Ask HN: 23andMe has my data, am I screwed?

2 points by carimura 3 months ago | 9 comments
I'm quite concerned about 23andme. I deleted my account a year ago, but deep in their privacy statements they say they must retain data due to regulatory obligations. I've exchanged multiple emails with them asking what it means. I'll post their response below. Am I / are we... up a creek with no recourse?

  "Thank you for your reply. Your inquiry has recently been 
  escalated to me for review. Please note that once you 
  confirm your request to delete your account, we will 
  delete your data from our systems within 30 days, unless 
  we are required by law or regulation to maintain limited 
  data for a given timeframe, as described in our Privacy 
  Statement.
  
  For example, archival files of information needed to   
  satisfy state and federal legal requirements are retained, 
  such as those set by the U.S. Federal Clinical Laboratory 
  Improvement Amendments of 1988 (CLIA) and College of 
  American Pathologists accreditation requirements.
  
  Your de-identified Genetic Information and a randomized 
  identifier are retained on secure servers as required by 
  law and any biobanked samples are discarded. The Genetic 
  Information is not accessed, used, or disclosed for any 
  purpose other than as needed to comply with the 
  requirements referenced above.

  It is important to understand that the retained 
  information is distinct from the genotyped data available 
  within your account and is stripped from registration 
  information. This data has not been processed by our 
  interpretation software to produce your individual-level 
  genotyped data (in your account).

  If you participated in telehealth services coordinated 
  through your 23andMe account, your Medical Record will be 
  retained in accordance with applicable law and is subject 
  to the Medical Record Privacy Notice.
  
  You can read more about these retention requirements in 
  the Privacy Statement."
  • toomuchtodo 3 months ago
    What is your threat model or the risk you are attempting to mitigate?
    • carimura 3 months ago
      normal human threat model who cares that his and his families genetic information isn't sold around to the highest bidder.
      • PaulHoule 3 months ago
        The question is "what value does it have to an attacker?"

        That kind of information can reveal you identity and who your relatives are. Somebody might find your relatives are not who you thought they were.

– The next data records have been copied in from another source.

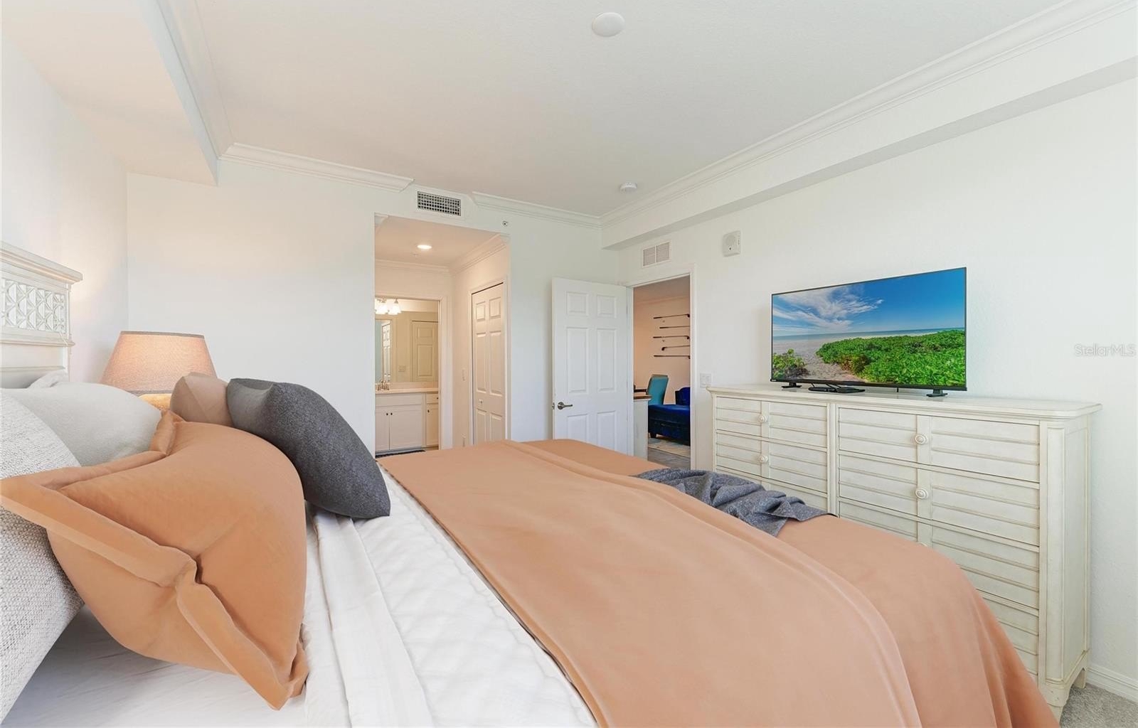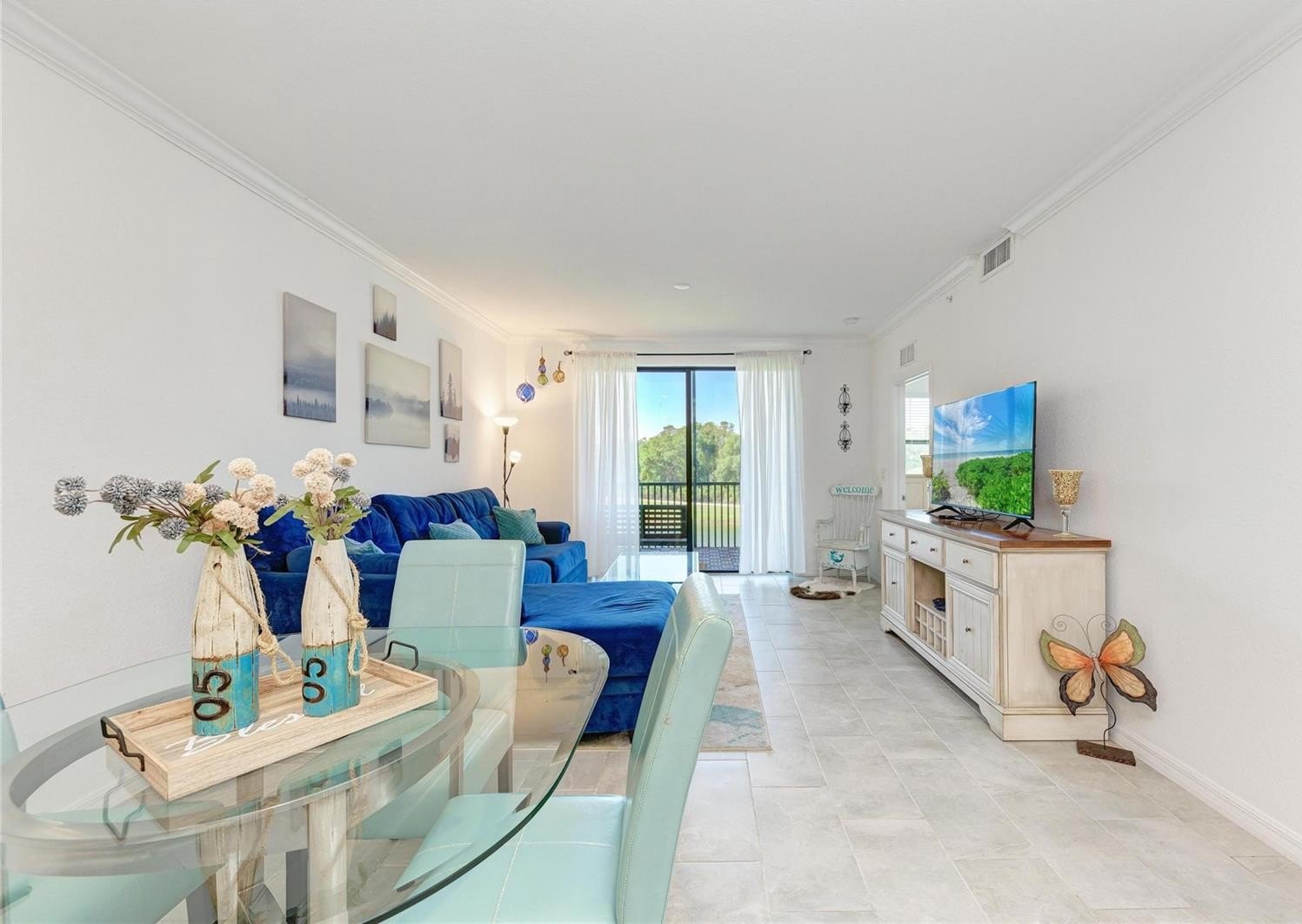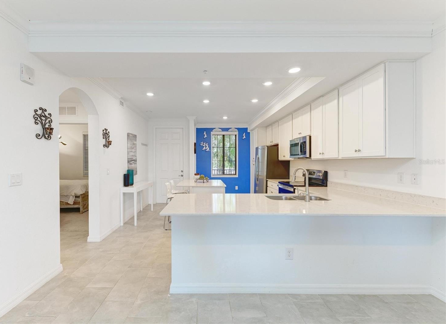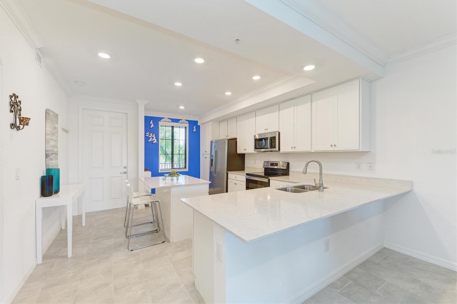 Welcome to this beautifully appointed second-floor 2-bedroom, 2-bath condo in the highly sought-after Lakewood National community of Lakewood Ranch, FL. Built in 2022 and offered turnkey furnished, this residence is truly move-in ready—perfect as a full-time home, seasonal retreat, or investment opportunity. Step inside to a thoughtfully designed open-concept floor plan that blends comfort and modern elegance. The kitchen is both stylish and functional, featuring sleek cabinetry, granite countertops, stainless steel appliances, and a spacious island with bar seating—perfect for casual dining or entertaining guests. The kitchen flows seamlessly into the dining and living areas, where natural light pours in through sliding glass doors, creating a bright and inviting atmosphere. The living room is tastefully furnished with a clean, contemporary feel, offering a relaxing space to unwind while enjoying uninterrupted views of the pond and golf course beyond. The primary suite is a peaceful retreat, complete with a large window that captures the scenic surroundings, two walk-in closets, and an en-suite bath featuring dual sinks and a walk-in shower. The second bedroom is equally inviting, ideal for guests or a home office, with easy access to the second full bathroom. Additional features include in-unit laundry, modern finishes throughout, and neutral tones that complement any décor style. Step out onto the private screened patio to take in the stunning water and golf course views—your own serene escape where you can relax and enjoy Florida’s natural beauty year-round. This home offers not only stunning views but also access to an unparalleled resort-style lifestyle. Lakewood National features two championship Arnold Palmer-designed golf courses, a grand clubhouse, state-of-the-art fitness center, full-service spa, tennis and pickleball courts, resort-style pools with lap lanes, poolside dining, and a vibrant social calendar filled with events and activities. Residents enjoy a maintenance-free lifestyle, allowing more time to relax, connect, and enjoy the surroundings. Whether you’re an avid golfer, a fitness enthusiast, or simply someone who appreciates serene views and an active, social community, this condo offers the perfect blend of luxury, convenience, and Florida living at its finest.
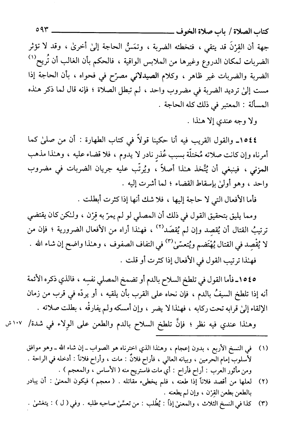 1545 - فأما القول في تلطخ السلاح بالدم أو تضمخ المصلي نفسِه، فالذي ذكره الأئمة أنه إذا تلطخ السيفُ بالدم، فإن نحاه على القرب بأن يلقيه، أو يردّه في قرب من زمان الإلقاء إلى قرابه تحت ركابه، فهذا لا يضر، وإن أمسكه ولم يفارقْه، بطلت صلاته.
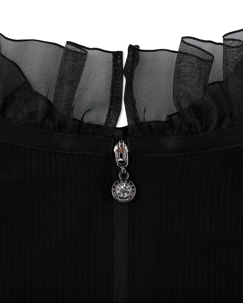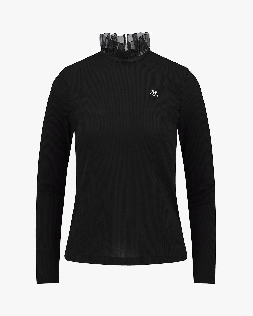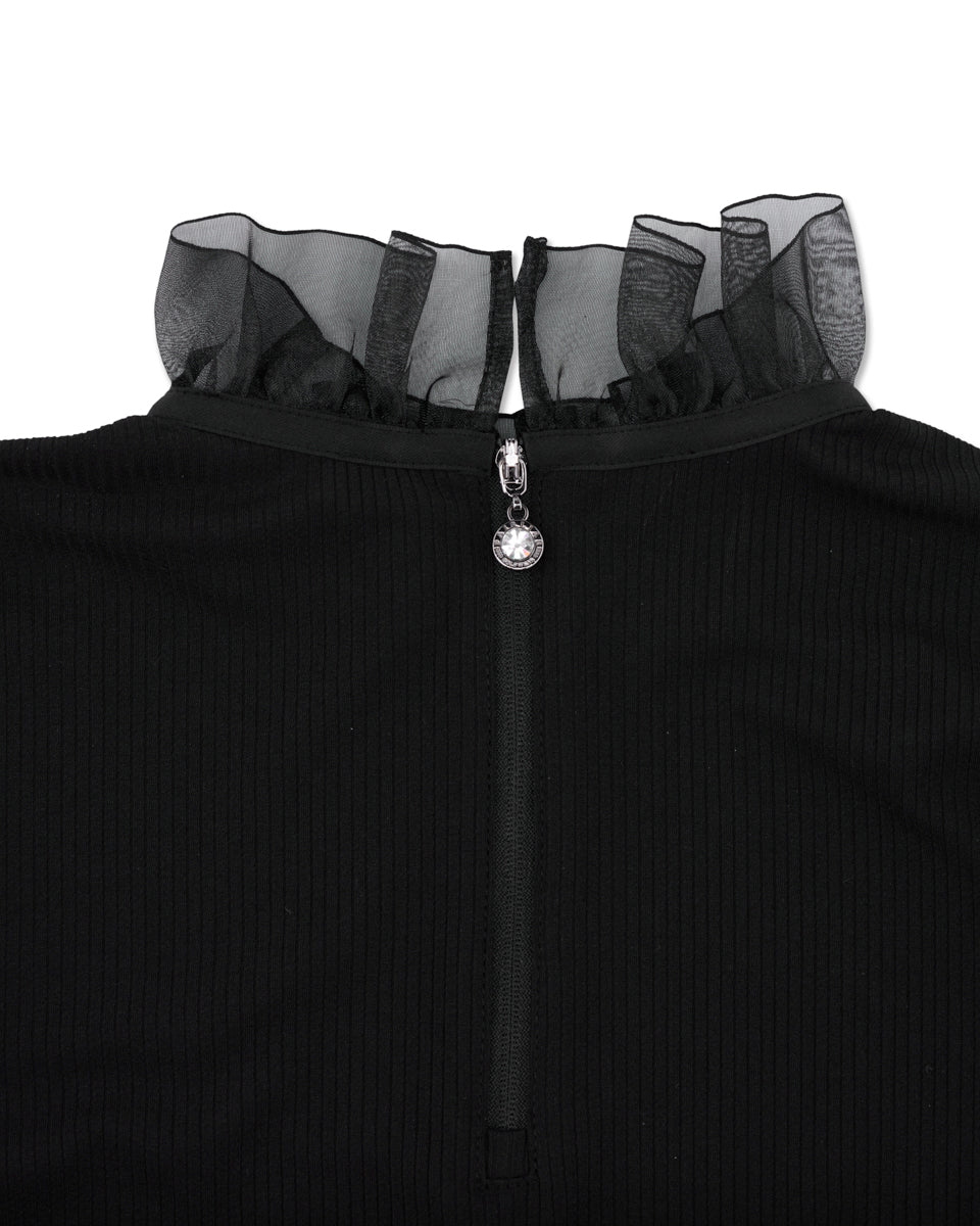 Ruffle High Neck Cooling Inner T Shirt (Black)

        I got an early test that wasn't as good as the later tests, but I think the reason they're shutting down is that the health value of that data is highly limited. You might find you have a 50% elevated chance of getting Type 2 diabetes and you should do the same things everybody else should do to avoid getting Type 2 diabetes but it's just a little more urgent.

      • firebaze 3 months ago
        How can someone asking this question have so many karma points on HN?
        • toomuchtodo 3 months ago
          Disclosure: 23andme has stored my genetic information since they first started offering genotyping, and I requested data deletion recently although some of my family members haven't and likely won't. Also interviewed and was offered a role at 23andme on their infra team (circa 2010), but declined.

          I am not concerned about my genetic data being sold. I am not worried about it being public, it is, through Harvard's Personal Genome Project [1]. If you are going to harm me, you are likely going to use a method far easier than that which would require you have access to my genotyping data. There is also enough overlap with close genetic matches (2nd-4th cousin with hundreds of matches) that if my data is stored despite my deletion request, it would not change the risk assessment. It will take just a bit more legwork to tie a sequence of my DNA to me [2].

          Hence my questions to better understand what OP is attempting to defend against. You can't propose mitigations or other recourse (legal and regulatory, primarily, in this case) if you don't know the risk you're attempting to manage, or the threat you're attempting to defend against.

          [1] https://pgp.med.harvard.edu/

          [2] https://hn.algolia.com/?dateRange=all&page=0&prefix=false&qu...

          (day job is in risk management)

          • PaulHoule 3 months ago
            1429 is not a lot. People ask how somebody who has as much karma as I do can post the things I post and maybe they have a point.
        • DecentShoes 3 months ago
          What law requires them to keep genetic information?
          • carimura 3 months ago
            they cite one of the laws in the response above....
          • JohnFen 3 months ago
            I don't know. I do know that I used their process to delete my data (and account), and they claimed they complied. Whether or not they did, I have no way to know.

            I wonder, though, if what they're talking about is that they have to keep the data as long as you have an account with them. The fact that you can't delete your data and keep your account hints that may be the case.